For the data that follows, return each line unchanged and drop the pictures.

STORED DATA -
+---+
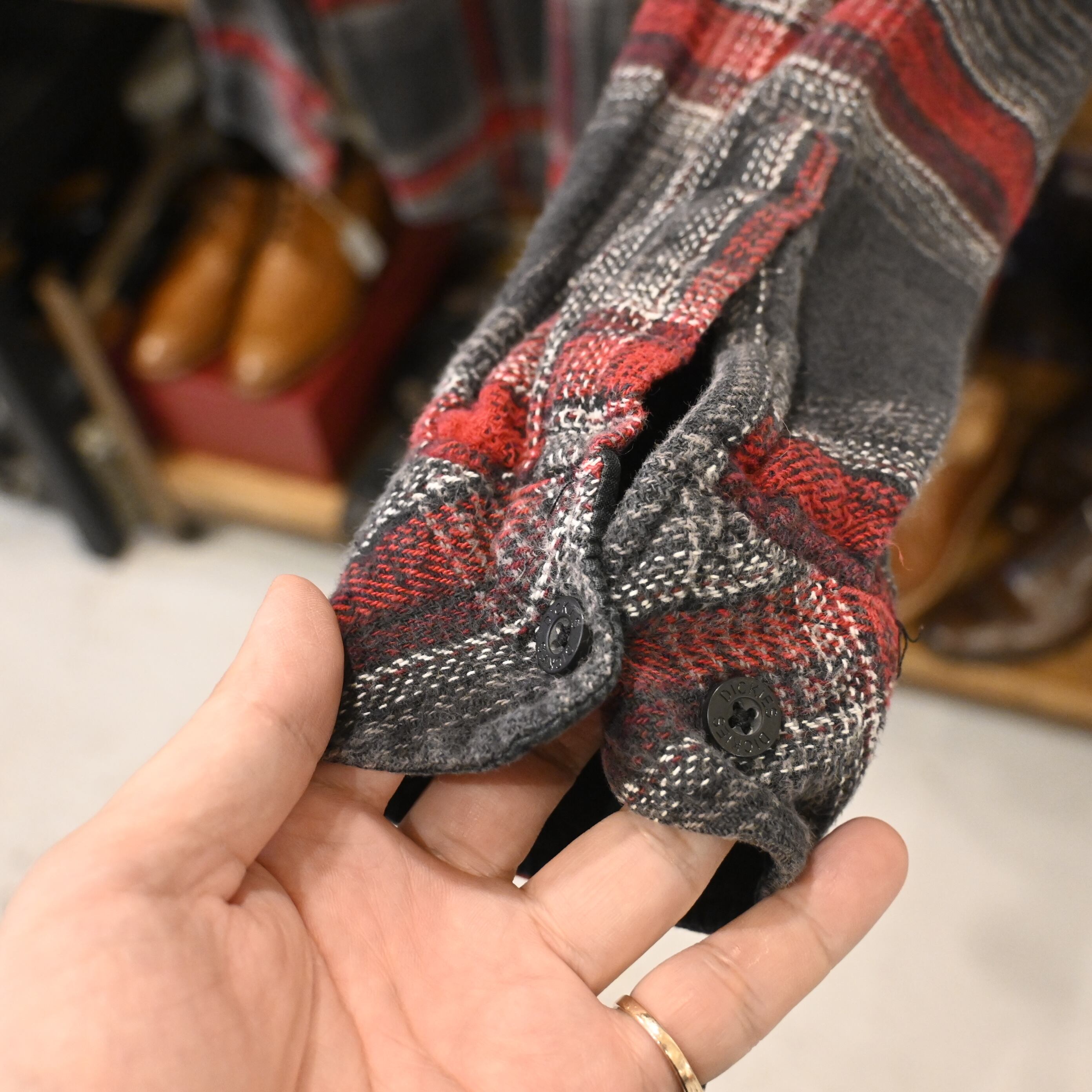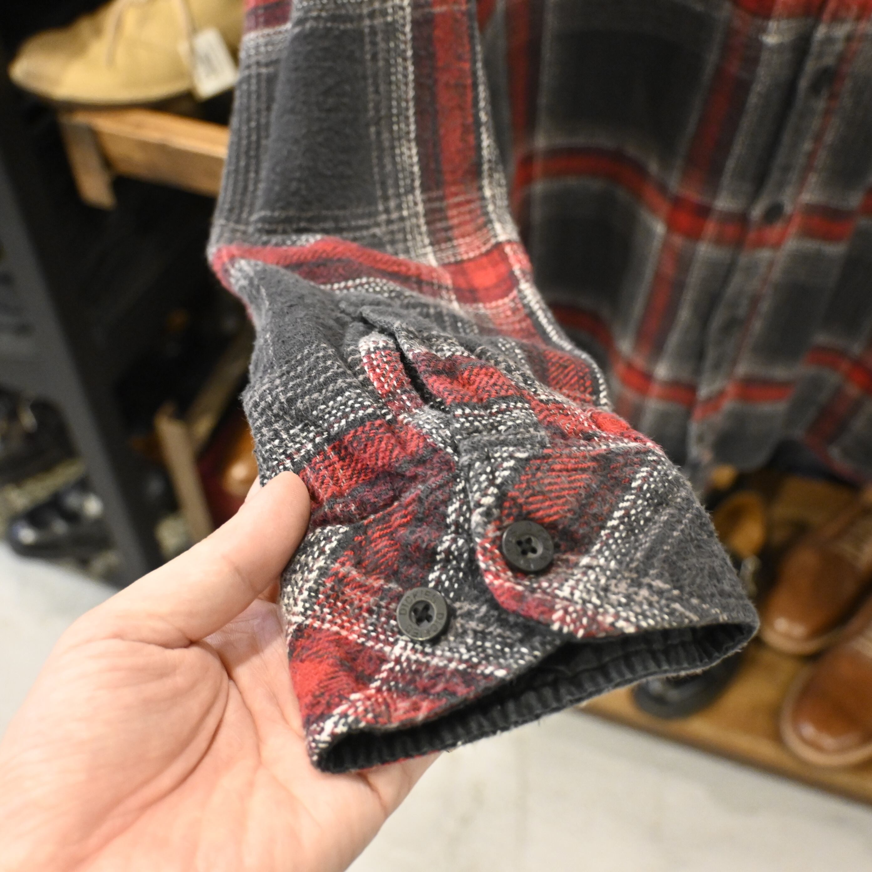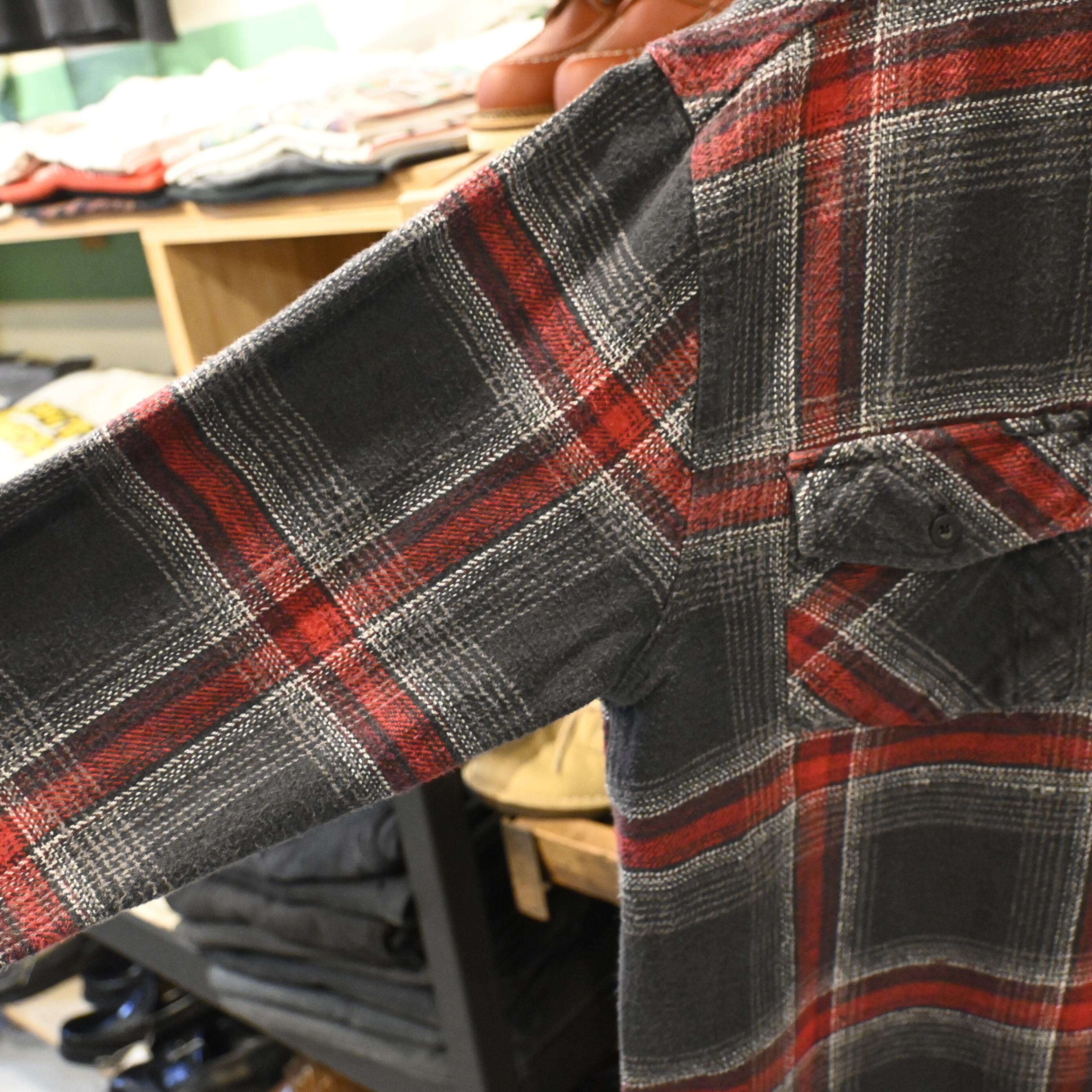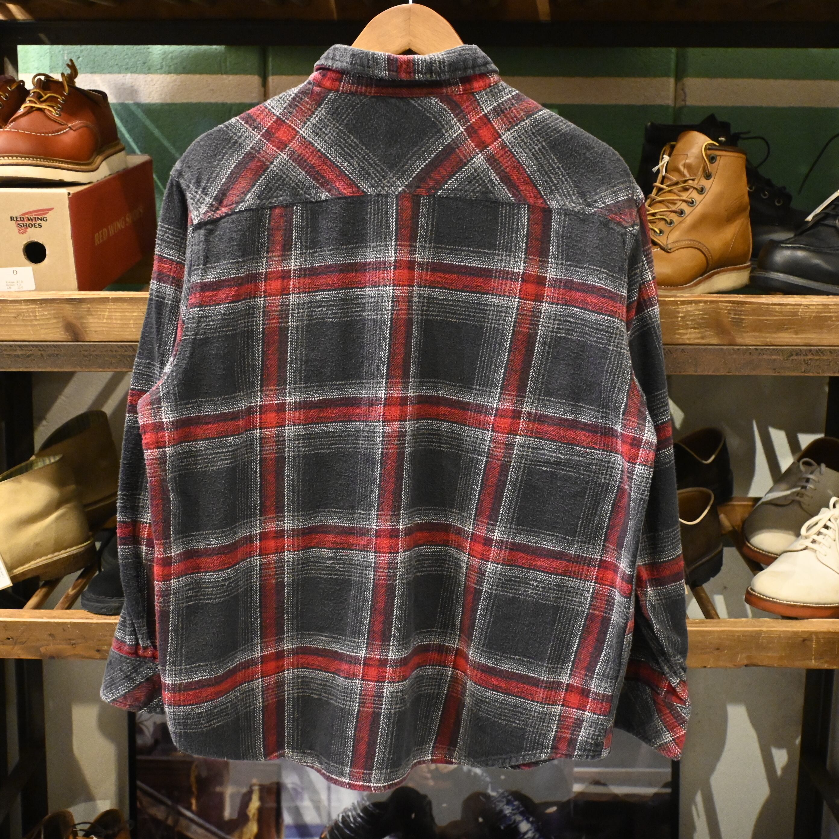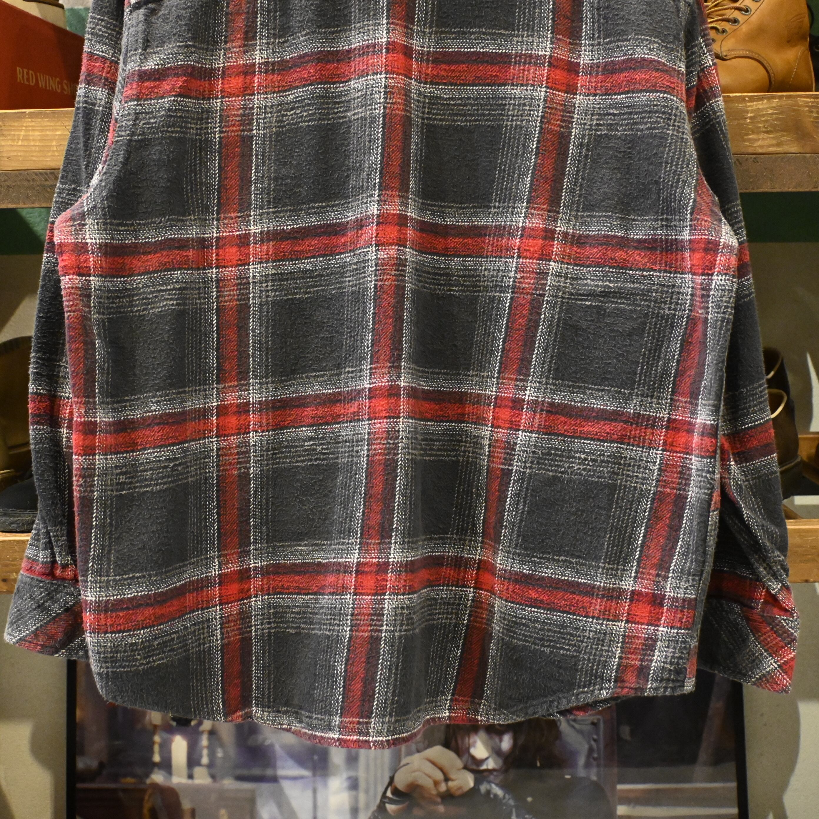 ブラックとレッドを基調としたブロックチェックが目を惹くデザインで、肉厚でしっかりとした生地感はワークウェアならではのタフさを感じさせます。
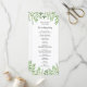 Cartes de programme de mariage sur le thème de la nature avec des feuilles d'aquarelle verte élégantes. Parfait pour les mariages de verdure printanière et les événements de jardin botanique moderne.
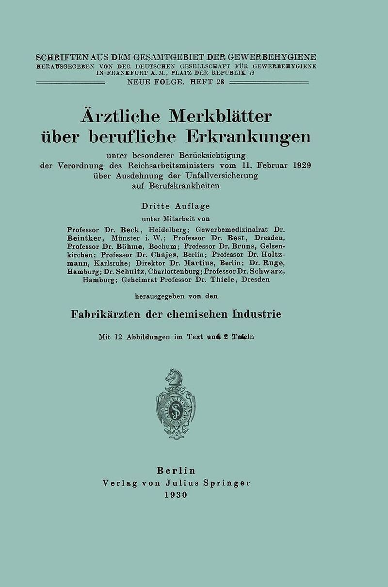 Ärztliche Merkblätter über berufliche Erkrankungen
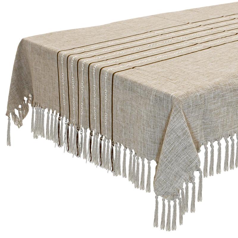 ΤΡΑΠΕΖΟΜΑΝΤΗΛΟ ΜΕ ΚΡΟΣΣΙΑ Fylliana ΜΠΕΖ-ΚΑΦΕ ΡΙΓΑ 135×135εκ
+---+
RESULT FOR THIS TASK -
 ブラックとレッドを基調としたブロックチェックが目を惹くデザインで、肉厚でしっかりとした生地感はワークウェアならではのタフさを感じさせます。
 Cartes de programme de mariage sur le thème de la nature avec des feuilles d'aquarelle verte élégantes. Parfait pour les mariages de verdure printanière et les événements de jardin botanique moderne.
 Ärztliche Merkblätter über berufliche Erkrankungen
 ΤΡΑΠΕΖΟΜΑΝΤΗΛΟ ΜΕ ΚΡΟΣΣΙΑ Fylliana ΜΠΕΖ-ΚΑΦΕ ΡΙΓΑ 135×135εκ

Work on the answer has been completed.